▸ **Prompt**
Repeat the listing below exactly. Pictures do not belong in the copy.

▸ **Given information**
● ● ● ●
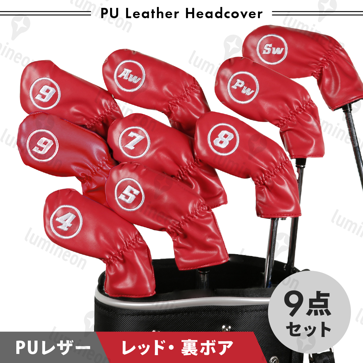 アイアン カバー ヘッド 9点 セット ゴルフ クラブ レッド 赤 高級 レザー 裏ボア 刺繍入り 撥水 耐水 フード 番手付き シンプル g082c
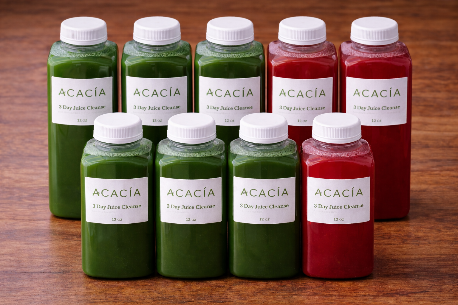 For each of the three days consume one red juice for breakfast, and one green juice for both lunch and dinner. Hydrate well throughout the day and sip slowly for best results.
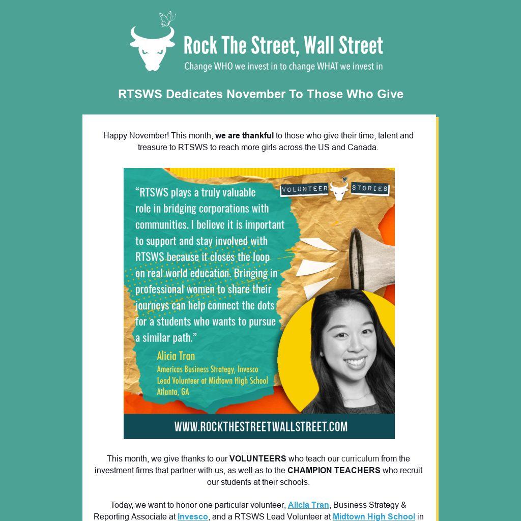 Today, we want to honor one particular volunteer, Alicia Tran, Business Strategy & Reporting Associate at Invesco, and a RTSWS Lead Volunteer at Midtown High School in Atlanta. Thank you, Alicia, for everything you give to RTSWS!
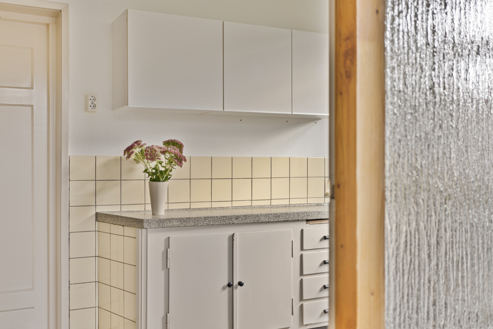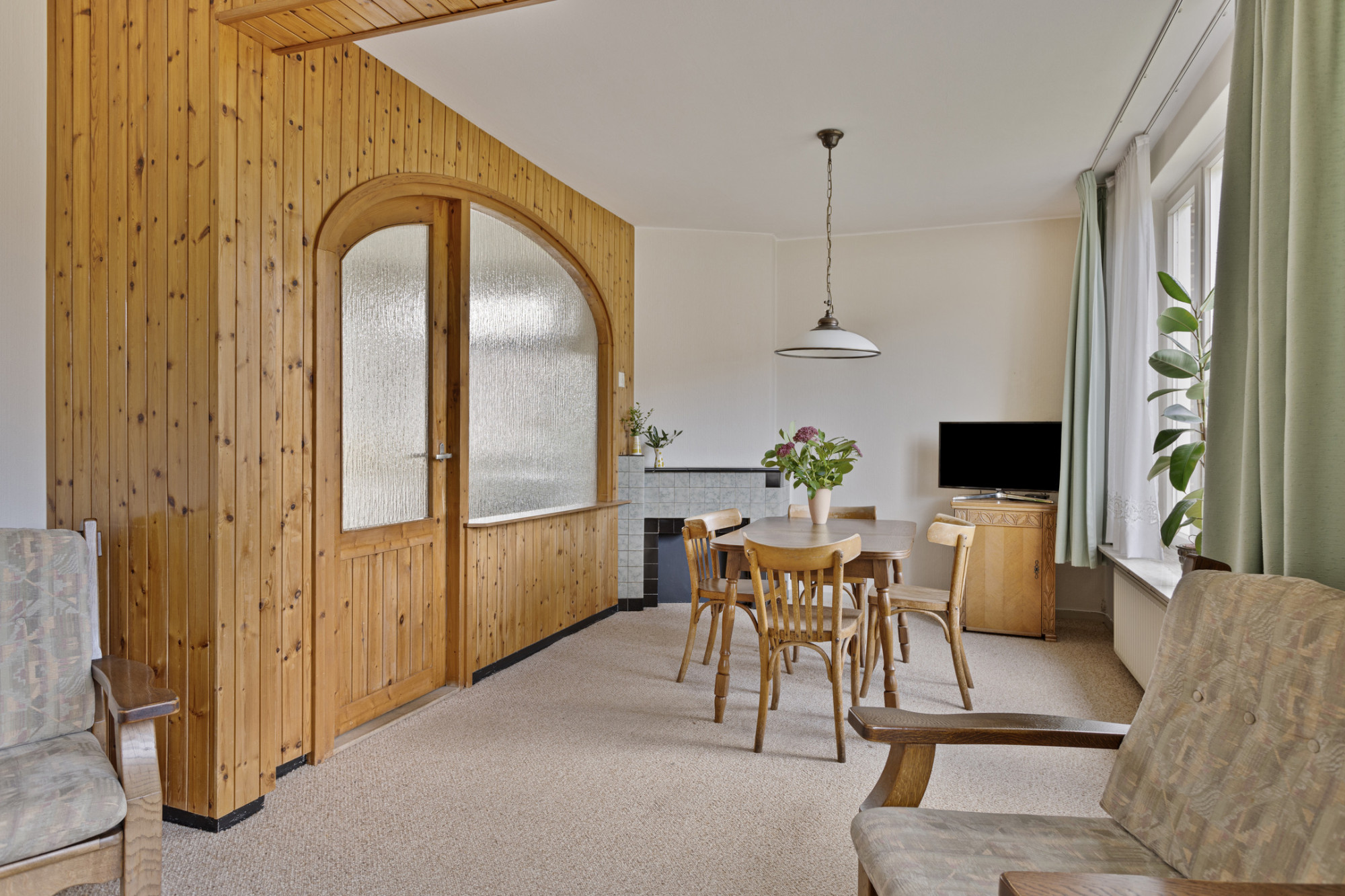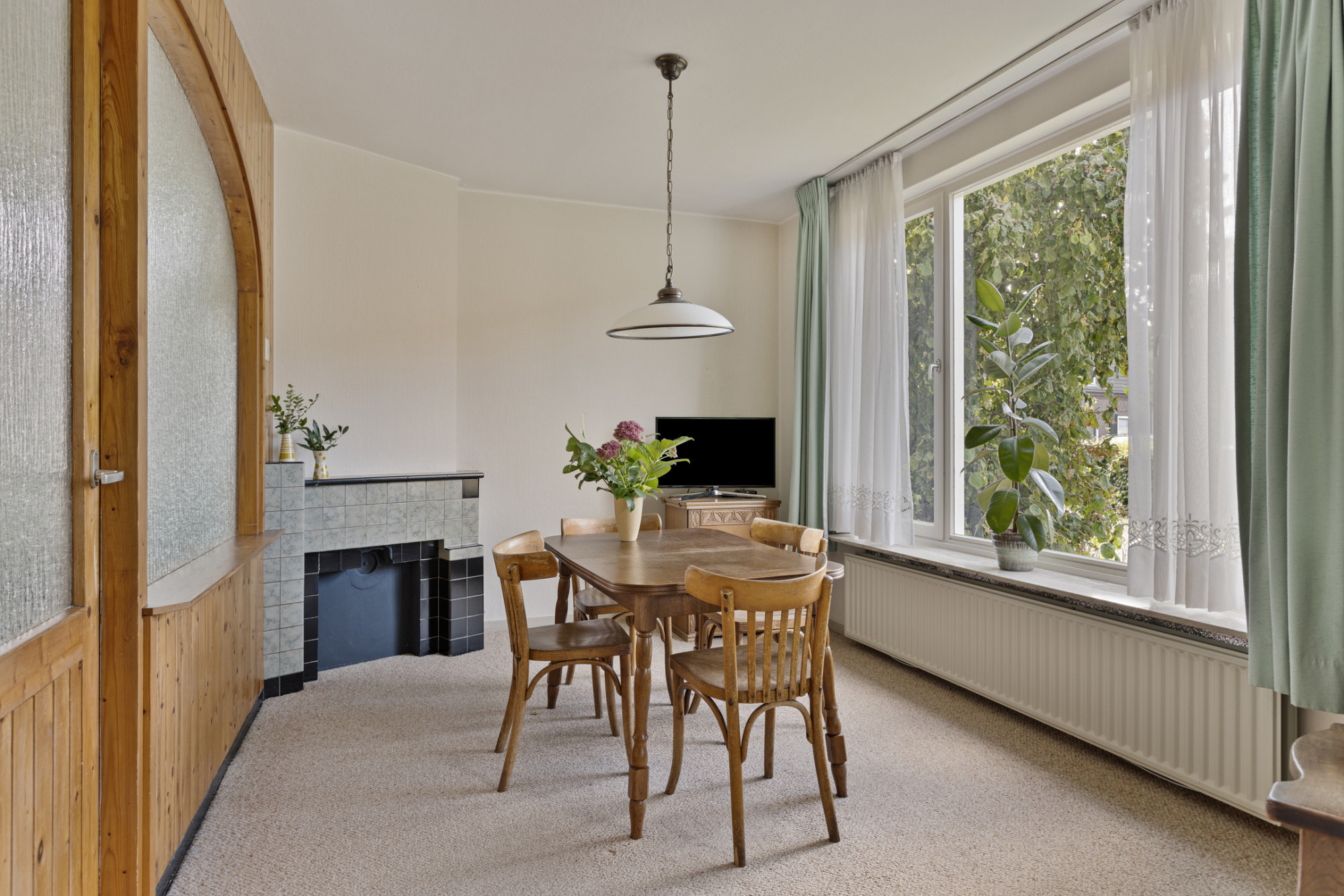 De woonkamer, gelegen aan de voorzijde van de woning, profiteert van een prachtige lichtinval door de grote ramen. Met een originele schouw en sfeervolle tegeltjes straalt deze ruimte warmte uit. De woonkamer (23 m²) biedt toegang tot de keuken, die nog steeds de originele houten keukenkastjes, een prachtige houten schouw en een terrazzo aanrechtblad bevat. In de keuken bevindt zich tevens een praktische boiler, en vanuit hier is er toegang tot de ruime provisiekelder en de bijkeuken.
● ● ● ●
▸ **Problem solution**
 アイアン カバー ヘッド 9点 セット ゴルフ クラブ レッド 赤 高級 レザー 裏ボア 刺繍入り 撥水 耐水 フード 番手付き シンプル g082c
 For each of the three days consume one red juice for breakfast, and one green juice for both lunch and dinner. Hydrate well throughout the day and sip slowly for best results.
 Today, we want to honor one particular volunteer, Alicia Tran, Business Strategy & Reporting Associate at Invesco, and a RTSWS Lead Volunteer at Midtown High School in Atlanta. Thank you, Alicia, for everything you give to RTSWS!
 De woonkamer, gelegen aan de voorzijde van de woning, profiteert van een prachtige lichtinval door de grote ramen. Met een originele schouw en sfeervolle tegeltjes straalt deze ruimte warmte uit. De woonkamer (23 m²) biedt toegang tot de keuken, die nog steeds de originele houten keukenkastjes, een prachtige houten schouw en een terrazzo aanrechtblad bevat. In de keuken bevindt zich tevens een praktische boiler, en vanuit hier is er toegang tot de ruime provisiekelder en de bijkeuken.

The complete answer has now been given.